Transient hyperglycemia in zinc phosphide poisoning.

Sir,

Zinc phosphide (ZnP) is an inorganic chemical used to control rats, mice, ground squirrels, muskrats, and rabbits. There are documented cases of death from massive doses of the phosphide (4–5 g) although patients may survive after acute exposure if vomiting occurs early after consumption.[1]

A 16-year-old young female presented to us after an alleged history of consumption of rat poison and vomiting. There was no history of pain in abdomen, hemetemesis, bleeding, unconsciousness and breathlessness. She was not a diabetic and no family history of diabetes was present. On examination, the patient was conscious with stable vitals and bilateral constricted pupils. Other systemic examination was normal. There was no evidence of hemolysis on peripheral smear. The patient was promptly treated by gastric lavage with 1 in 1000 potassium permanganate solution. As there is no specific antidote available, she was started with symptomatic treatment. Laboratory parameters like serum electrolytes (sodium, potassium, and calcium), random blood sugar, liver function tests, and kidney function tests were normal. On the second day of admission, the patient developed fever (38.4°C) with altered sensorium. Her computed tomography (CT) scan head and other blood investigations were within normal limits. She was treated with antibiotics to which her fever responded and she regained her consciousness. On day 3, she developed hyperglycemia with her blood glucose values ranging from 450 to 500 mg% (without any intravenous dextrose infusion). She was started on subcutaneous injection insulin with 2 hourly blood glucose monitoring. There was no hyperamylasemia, ketonuria and acidosis. Her glycosylated hemoglobin (Hb1AC) and serum lipase were found to be within normal limits. Ultrasound abdomen did not reveal any pancreatic abnormality. Hyperglycemia persisted for 5-6 days and she had an uneventful recovery. At the time of discharge, her fasting and postprandial blood glucose were 70 mg% and 119 mg%, respectively. On follow-up visits after 3 months and 6 months, the patient was asymptomatic with normal fasting and postprandial blood glucose levels, without any antidiabetic therapy.
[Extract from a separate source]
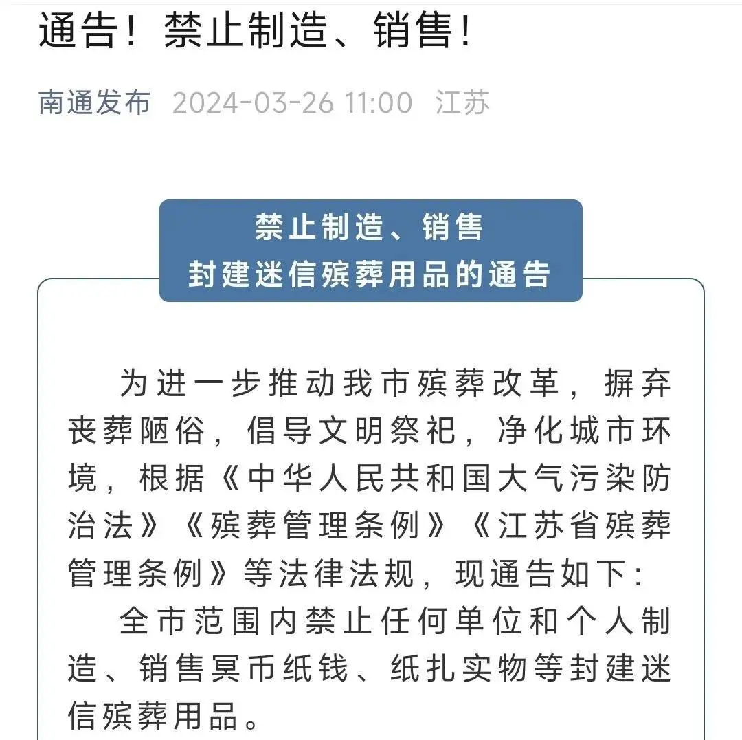 据南通发布消息,3月25日,南通民政局称,将在全市范围内禁止任何单位和个人制造、销售冥币纸钱、纸扎实物等封建迷信殡葬用品,并表示,这样做的目的是为进一步推动市区殡葬改革,摒弃丧葬陋俗,倡导文明祭祀,净化城市环境。

ZnP has a high mammalian toxicity as it is readily absorbed from the gastrointestinal tract and liberates phosphine gas in stomach. A dose of 5 g is dangerous and can cause death, with a latent period of about 60 minutes following ingestion.[1] Early symptoms of poisoning within 1 hour of ingestion of poison are usually nausea, vomiting, abdominal pain, chest tightness, excitement, agitation and a feeling of cold. Later symptoms may include shock, dyspnea, increased thirst, kidney failure, convulsions and coma. Purpura and asymptomatic thrombocytopenia have also been observed rarely. Early deaths may occur from cardiac damage leading to pulmonary edema.[23]

Hypoglycemia has been extensively described with ZnP poisoning and first reported in two cases. This hypoglycemia is hypothesized to occur due to impairment of glycogenolysis and gluconeogenesis and may be prolonged in duration.[4] A case of a young woman has been described, who suffered from acute pancreatitis related to the ingestion of ZnP.[5] The evidence of hyperglycemia as one of the presenting features has been documented in animals. Till date, after extensive literature search, we could not find a case of hyperglycemia after ZnP ingestion by humans. It may be hypothesised that it may be due to pancreatic involvement in ZnP poisoning. The treatment remains the same as for hyperglycemia. We hereby highlight that hyperglycemia can be a complication in a case of ZnP poisoning. It should be looked for in all ZnP poisoning patients, and actively treated if present.